73, Cecil http://www.qsl.net/w5dxp

Last time when I tried to explain how the transistor radio works to my dog, she
wiggled her tail: "It can't be and it don't taste no good" :-)

Yuri da BUm

Good comments.

One of my professors made an astute observation that sums up your
conclusion. He said that science isn't set back so much by getting the
wrong results by using the right methods as it is by getting the right
results using the wrong methods. Amen to that.

Roy Lewallen, W7EL

David Robbins wrote:

yes, i still hold that they are different. they are from completely
different realms of electromagnetics. in the transmission line reflection
coefficient you are working with a distributed system that is modeled with
wave equations. there are delays, waves travel and reflections return after
a finite delay. in your example you have coerced the voltage and current
waves to be the same in the transmission line, but that is not the same as
modeling the line itself.

in the generator feeding a load you are looking at a lumped model. these
are normally not solved with wave equations, there are no delays or
reflections. the problem of calculating maximum power transfer from a
generator to a load of a given impedance is a simple problem solved with no
waves and only one pde used to find the max of the power to the load wrt the
generator impedance. it doesn't care what the load is, as long as it is a
linear time invariant impedance. now, you could create that impedance by
putting a load on the end of a transmission line and transforming it back
through the normal transmission line equations, but once you do that you
throw the line out and solve the simple equations in the lumped models.

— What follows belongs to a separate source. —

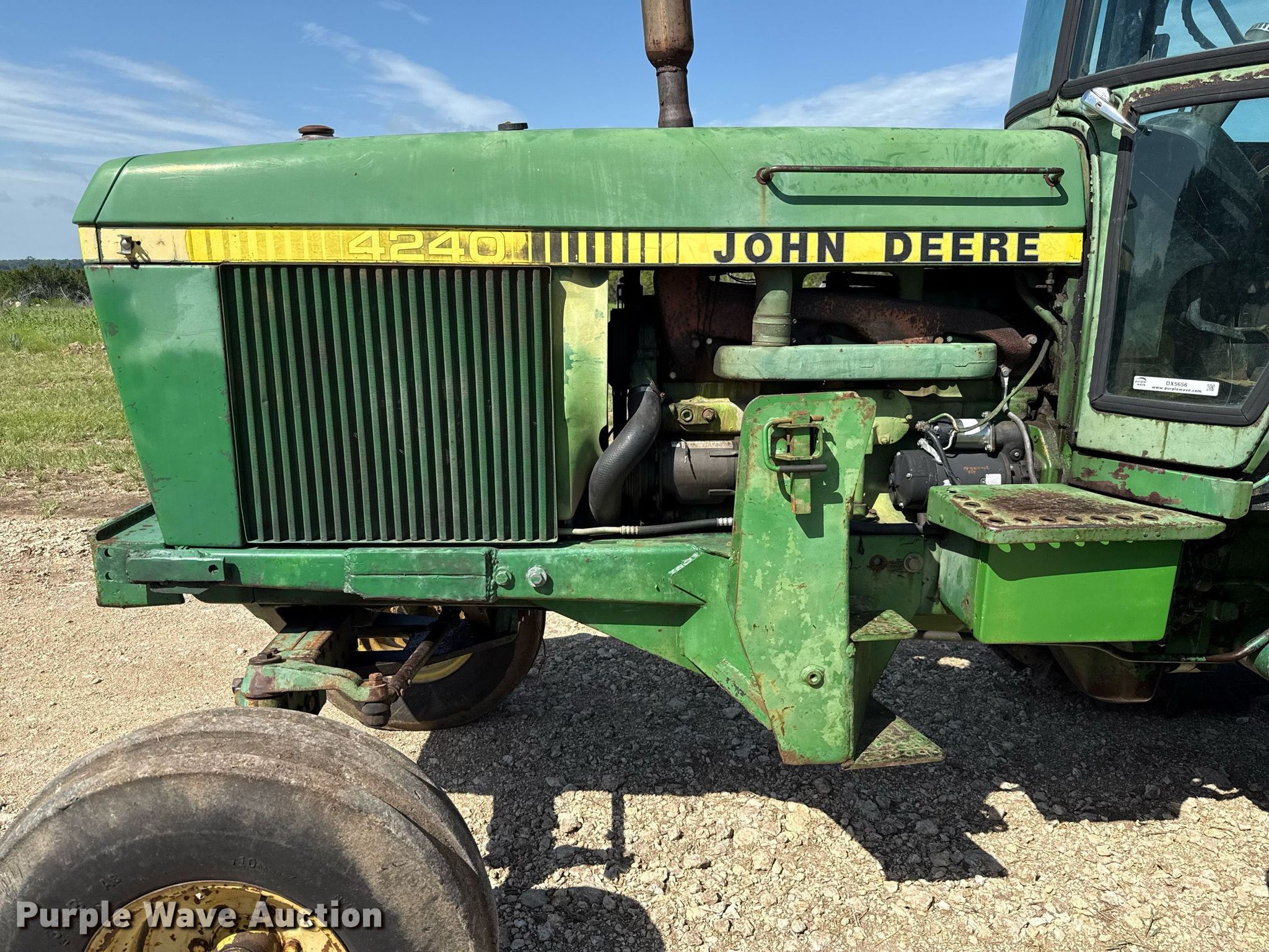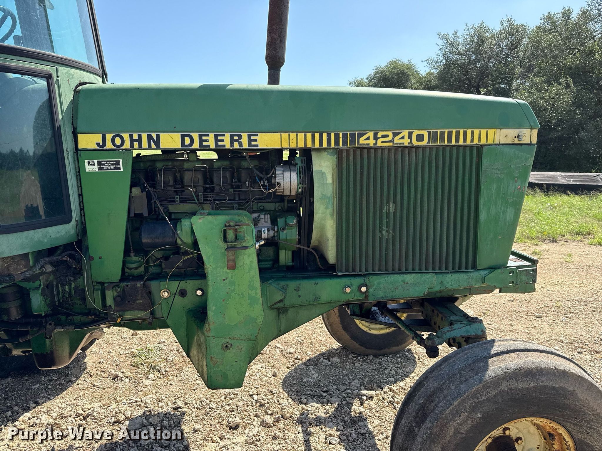 John Deere 4240 tractor. Hours: 2,221 on meter. Engine John Deere, Cylinders: 6, Fuel type: Diesel. Transmission Quad-range, 16F - 8R. Operators station AC, Heat. Features PTO: 540, 1000, Three point, Seven pin outlet, Hydraulic remote sets Rear: 3, Power beyond (hydraulics). Tires Front: 10.00-16, Rear: 20.8-38. Notes Serial plate missing, Kill switch cable issues, Non-operational climate control. Hico, TX 76457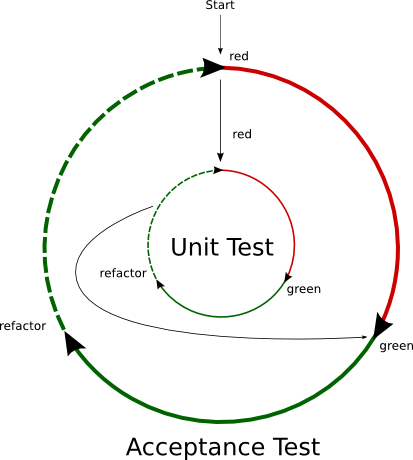 Behavior Driven Development is top-down testing. g. It can be done either before or after writing code, so BDD can be done as part of TDD, or as backfilling. BDD is about writing a feature (a fancy curl request written in Ruby) and having that initiate an error (a routing error), then writing a unit that shows the same error (a routing unit test), then writing the code that passes it, then running the feature, seeing a new error, etc...

these discussions always seem to end up in this same quagmire, one group
trying to solve everything with wave equations, sinusoidal steady states,
transmission line transformations, and the other holding on to the lumped
models and trying to make them fit the wrong problem domain. one thing i
did learn in ee classes was to use the right model for the job, choosing the
wrong one will give you wrong answers most of the time.... the real problem
is that sometimes you can get the right answer from the wrong model just
because the numbers work out... and when you have to show your work you lose
credit for using the wrong method but still getting the right numerical
answer. that is what i see here, someone has started with a simplified case
that just happens to work out to the same answer and has tried to generalize
it... -10 points for the wrong method!

Dave:

[snip]
these discussions always seem to end up in this same quagmire, one group
trying to solve everything with wave equations, sinusoidal steady states,
transmission line transformations, and the other holding on to the lumped
models and trying to make them fit the wrong problem domain. one thing i
did learn in ee classes was to use the right model for the job, choosing
the
wrong one will give you wrong answers most of the time.... the real
problem
is that sometimes you can get the right answer from the wrong model just
because the numbers work out... and when you have to show your work you
lose
credit for using the wrong method but still getting the right numerical
answer. that is what i see here, someone has started with a simplified
case
that just happens to work out to the same answer and has tried to
generalize
it... -10 points for the wrong method!
[snip]

Dave:

I disagree, I feel that for measurements and calculations involving the
impedance matching
dynamics at any reference plane in such systems the differences between
lumped and
distributed systems is trivial and unimportant.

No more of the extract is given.